We had hoped to discuss in connection with this "Memorial Volume" the principles and working of the missions themselves, their interior policy, and the service which they may perform, especially the kind of agencies which they should make use of; but we find almost nothing in regard to the matter in this volume. Dr. Anderson does say, that "the civilizing agencies, as they have been called, have been found the most expensive, the most troublesome, and the least productive," and there are indistinct references to "the relinquishment of schools," "suspension of a seminary," a "new order of things," &c., but we get no definite information. We are precluded, therefore, from giving distinct evidence of the fact, which the meetings of the Board have sufficiently indicated, that narrow means have conspired with narrow notions to establish the policy of procuring technical conversions without adequate effort to improve general morality and social welfare by means of education and other civilizing agencies.

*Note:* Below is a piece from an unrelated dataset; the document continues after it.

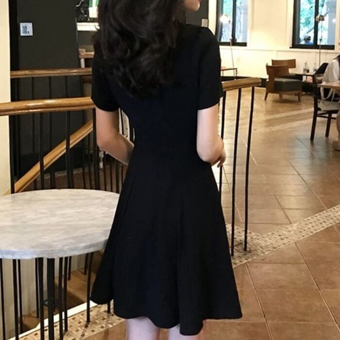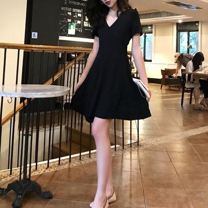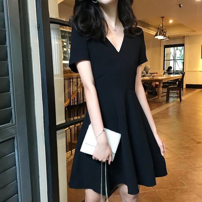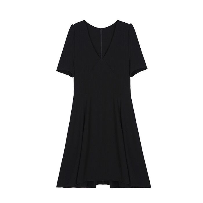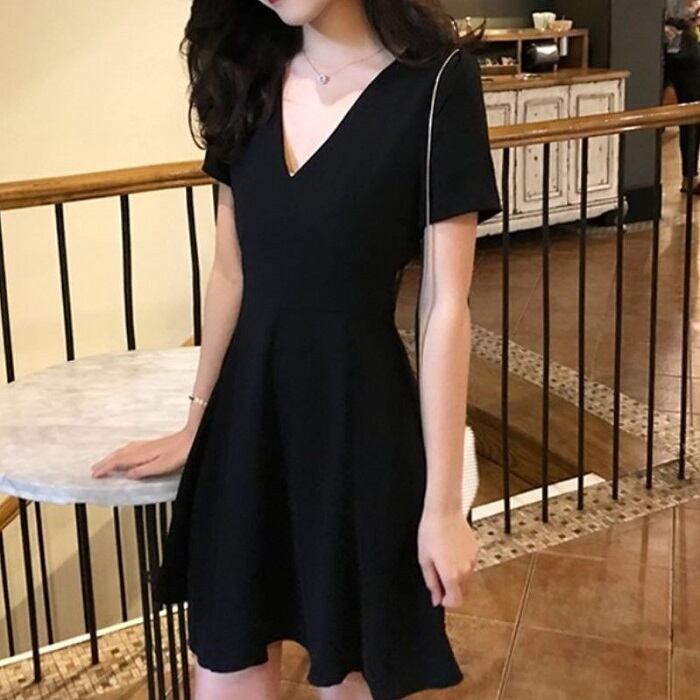 シンプルなAラインのフレアミニワンピース。

Beyond this, it is still less the aim of the Board to co-operate with the course of events, the progress of discovery, and the movements of civilization, in securing the redemption of the dark lands to order, intelligence, and prosperity. We must leave these most interesting features of the work, therefore, and limit ourselves, in conclusion, to some brief suggestions touching the appeal to the public in behalf of any scheme of organized benevolence.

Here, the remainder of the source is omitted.